No G-to-A hypermutation in HTLV-1 genome was induced by APOBEC3G. Mutations in HTLV-1 and HIV-1 ΔVif viruses were detected by sequencing p12 and Env regions, respectively. G-to-A hypermutation was induced by APOBEC3G in HIV-1 ΔVif DNA, but not in HTLV-1 DNA. We detected very few G-to-A mutations in HTLV-1 K30 genome with expression of APOBEC3G (C), but not without expression of APOBEC3G (D), whereas G-to-A hypermutation was induced in HIV-1ΔVif DNA by APOBEC3G (A). We also detected a very few G-to-A mutations in MT-2/Mock virus DNA (E) as well as MT-2/Vif virus DNA (F).
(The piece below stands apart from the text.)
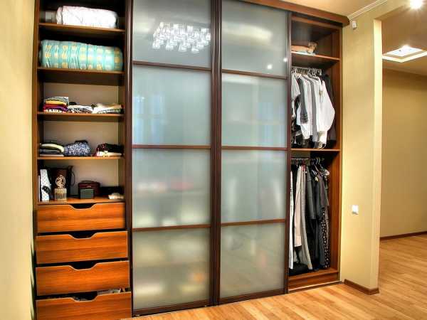 Шкаф-купе с полками и ящиками с матовым стеклом.Отделения для верхней одежды

G-to-A mutations are shown in red, while other mutations are denoted in black. The numbers before the sequence indicate the number of each clone, while those in parentheses indicate the total number of clones sequenced. WT indicates no mutations in this region.

Figure 4

HIV-1 Vif reduced the incorporation of APOBEC3G into HTLV-1 virions, resulting in the upregulation of the infectivity. (A) Expression of APOBEC3G in MT-2 cells and its incorporation into produced virions were reduced by HIV-1 Vif. Expression level of APOBEC3G was reduced in MT-2/Vif cells (lane 2, middle panel) as compared to MT-2/Mock cells (lane 1, middle panel). Incorporation of APOBEC3G into produced virions was also reduced in virions produced from MT-2/Vif cells (lane 2, bottom panel). Expression of Vif protein in MT-2/Vif cells was detected with anti-Vif mAb (top panel). (B) HIV Vif upregulated the infectivity of HTLV-1 produced from MT-2 cells. Infectivity of HTLV-1 virus produced from MT-2 cells was determined as described in Materials and Methods. Infectivity of viruses produced from MT-2/Vif cells was more than 4 times higher than that from MT-2/Mock cells. Four independent experiments gave similar results and the data was presented as the mean of these values. Values are presented as infectivity ratio relative to viruses from MT-2/Mock cells.